On genealogy of morals

Genealogy (from Greek: γενεά, genea, “generation”; and λόγος, logos, “knowledge”) is the study of families and the tracing of their lineages and history. Genealogists use oral traditions, historical records, genetic analysis, and other records to obtain information about a family and to demonstrate kinship and pedigrees of its members.

Asceticism (from the Greek: ἄσκησις, áskēsis, “exercise” or “training”) describes a lifestyle characterized by abstinence from various worldly pleasures, often with the aim of pursuing religious and spiritual goals.

One has two choices after reading Nietzsche, to either hate him or like him. I like him and I am tempted to agree with him when he says he was born posthumously! In this polemic, he explores the origin of morality, tears into pieces christian morality and critiques the knowers or free spirits as he called them. He dwells on free will, politics giving a comparison with the Greek state as presented in the writings of Homer. It is a polemic worth reading!

In this genealogy he asks the question of what is the ascetic ideal. He tells as the ascetic priest is one who has said no to life and at the same time is a doctor to the weak. Among the free spirits he too does explore if there can be an ascetic ideal.

This is Nietzsche’s most important work on moral and political theory and offers a critique of moral values and traces the historical evolution of concepts such as guilt, conscience, responsibility, law and justice. In this polemic, he says any scholar interested in the history of morals has to start by looking at the pre-Homeric times.

He writes we need to know the conditions and circumstances under which the values grew up, developed and changed [morality as result, as symptom, as mask, as tartuffery, as sickness, as misunderstanding, but also morality as cause, remedy, stimulant, inhibition, poison] since we have neither had this knowledge up till now nor even desired it.  He goes on to say the origin of bad and good is related to master/ slave or noble and common. The slave sees everything the master does as bad, and for the master everything he does is good. This then is essentially the genesis of good and bad. He disagrees with the suggestion, that he finds untenable that what is good is what is useful or practical as argued by Herbert Spencer. He compares the problem to the relationship between the bird of prey and lambs. The lambs say to each other the birds of prey are evil and anyone like a lamb is good, the birds bear no grudge against the lambs – in fact they love them- nothing is tastier than a tender lamb.

He [Nietzsche] contends that priests make the most evil enemises precisely because they are powerless.  It is the priestly class who through a revaluation of values by rejecting the aristocratic value equation[good= noble = powerful = beautiful =happy = blessed] ventured to bring a reversal by saying only those who suffer are good, only the poor, the powerless, the lowly, the suffering, the deprived, the suffering, are the only pious people and for them alone does salvation belong. How true!

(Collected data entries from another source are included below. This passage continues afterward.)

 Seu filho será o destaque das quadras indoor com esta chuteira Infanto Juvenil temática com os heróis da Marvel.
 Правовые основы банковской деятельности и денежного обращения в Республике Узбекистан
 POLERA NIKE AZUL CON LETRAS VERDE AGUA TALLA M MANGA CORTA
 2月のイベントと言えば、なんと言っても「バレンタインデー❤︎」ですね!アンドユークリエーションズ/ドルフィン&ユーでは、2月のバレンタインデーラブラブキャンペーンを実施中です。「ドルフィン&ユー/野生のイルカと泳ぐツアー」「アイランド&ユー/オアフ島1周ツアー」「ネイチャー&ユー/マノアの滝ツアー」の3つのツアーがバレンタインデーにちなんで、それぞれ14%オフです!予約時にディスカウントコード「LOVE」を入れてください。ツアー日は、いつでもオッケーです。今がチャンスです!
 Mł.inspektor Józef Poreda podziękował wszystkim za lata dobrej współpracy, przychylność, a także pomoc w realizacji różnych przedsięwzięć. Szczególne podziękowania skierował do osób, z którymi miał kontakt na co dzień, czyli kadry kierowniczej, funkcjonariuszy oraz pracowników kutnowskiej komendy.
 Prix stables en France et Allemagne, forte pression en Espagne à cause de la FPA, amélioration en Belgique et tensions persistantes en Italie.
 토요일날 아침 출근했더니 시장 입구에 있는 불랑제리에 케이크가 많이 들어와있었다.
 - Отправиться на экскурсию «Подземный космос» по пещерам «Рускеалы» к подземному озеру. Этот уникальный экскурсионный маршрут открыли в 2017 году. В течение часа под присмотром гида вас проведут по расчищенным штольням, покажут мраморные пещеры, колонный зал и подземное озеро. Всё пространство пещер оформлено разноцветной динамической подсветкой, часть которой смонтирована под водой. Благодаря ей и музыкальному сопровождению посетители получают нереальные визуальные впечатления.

The weak, that is the priestly class, invented god and talk of their kingdom which is yet to come the kingdom of god and in the meantime they live in faith, in love and in hope. To enjoy this kingdom they tell you you have to live beyond death, eternal life, to get your recompense from god! He leaves open the question of rank of values and asks the future philosophers and scientists to solve the problem of values. In the second essay in this polemic, he looks at guilt, bad conscience and related matters and here he says in order for man to have a degree of control over the future, man must first have learnt to distinguish between what happens by accident and what by design and do to do this man must first become reliable, regular, necessary in essence responsible!

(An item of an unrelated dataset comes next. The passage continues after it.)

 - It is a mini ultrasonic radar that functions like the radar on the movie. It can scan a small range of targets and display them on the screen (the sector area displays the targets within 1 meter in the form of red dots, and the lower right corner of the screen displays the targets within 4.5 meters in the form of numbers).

The knowledge of the extraordinary privilege of responsibility and power of himself and his destiny, his dominant instinct is what the sovereign man calls conscience.

He says the feeling of guilt originated in the contractual relationship between debtor and creditor, buyer and seller. The desire to punish, is here seen as a result of demand for payment of a debt. In the proportion to which the power and self-confidence of a community grows, its penal law becomes more lenient; this is to say the creditor becomes more human as his wealth increases and finally the amount of his wealth determines how much injury he can sustain without suffering from it.

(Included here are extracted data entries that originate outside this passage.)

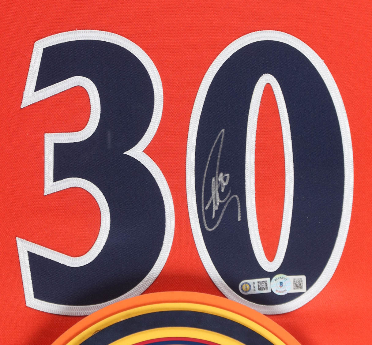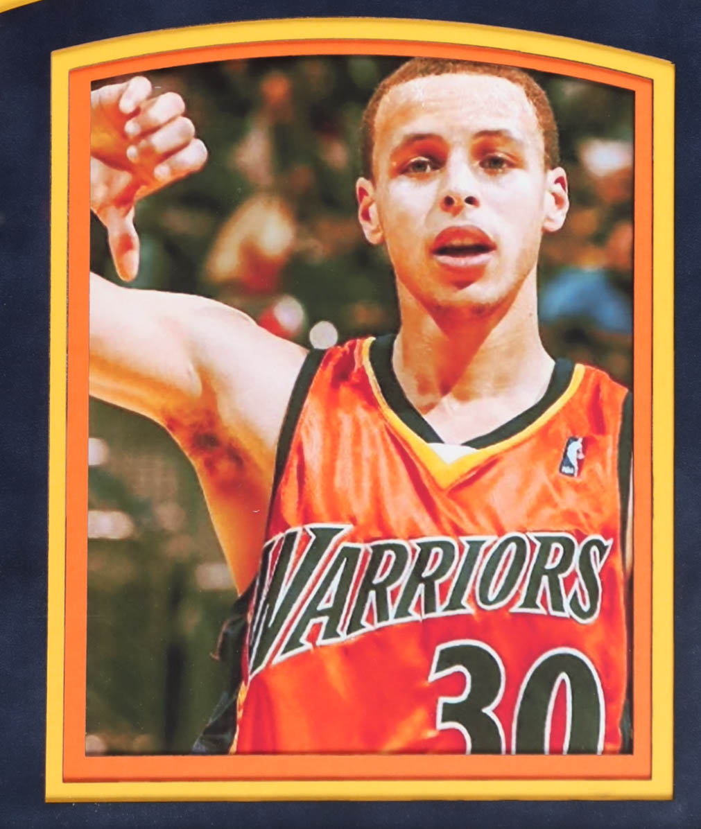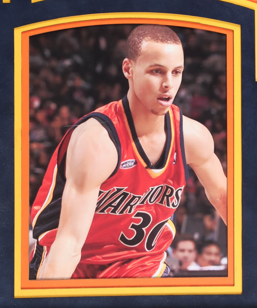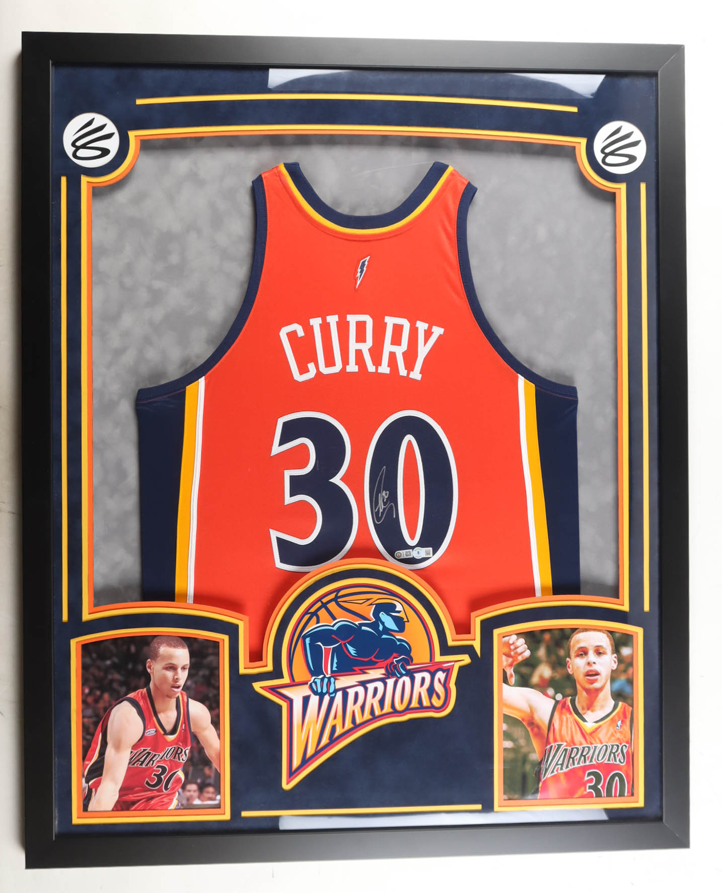 Custom frame measures 32" x 43" in size and features a jersey that has been hand-signed by Steph Curry. Display also includes (2) 8" x 10" photos and jumbo Warriors Logo. Please see photos for more details regarding the condition of the item.
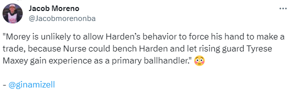 Gina Mizell透露,76人总经理不太可能因哈登的逼宫行为而被迫完成交易,因为纳斯可以让哈登坐在替补席,让后起之秀马克西担任球队的主要控球手。
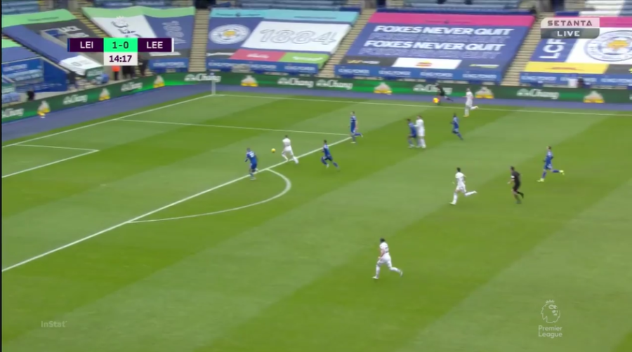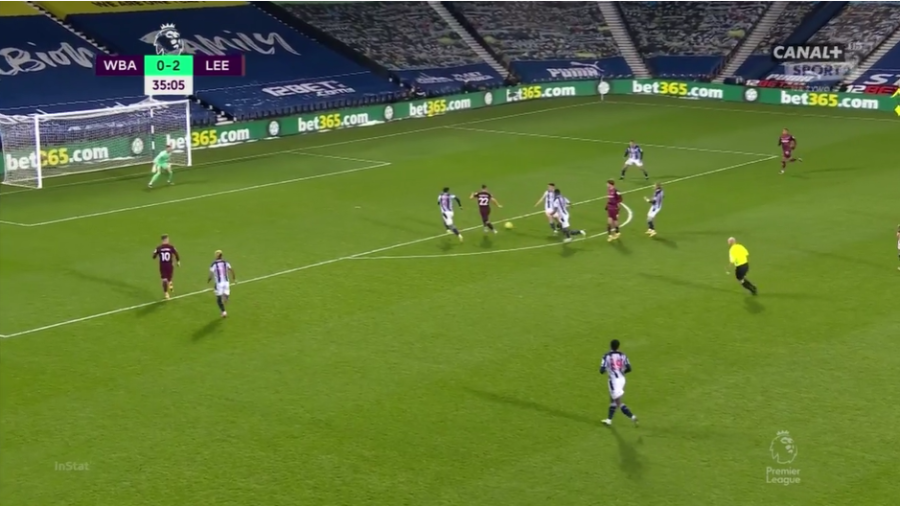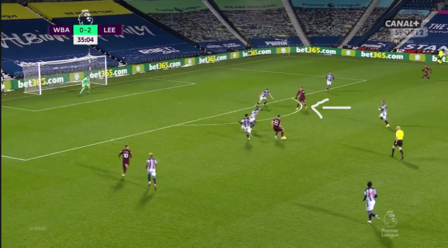 There are several benefits to this, although the two most obvious advantages are what Leeds profit from the most. Midfielders and wingers will often arrive late in a move, filling the void that Bamford has created in the centre of the attacking third, either looking for a slipped through ball or playing a wall pass and latching onto a quick one-two in order to get in on goal. That is exactly what happens below.

He says of unbelievers, that we are far from being free spirits because we still believe in truth.  He asks this of the free spirits the truthful man, in that daring and final sense which faith in science presupposes, thus affirms another world from the one of life, nature and history…… must he not therefore deny its opposite, this world, our world, in doing?  He sets a task for the free spirits, that is, the value of truth is to be called into question.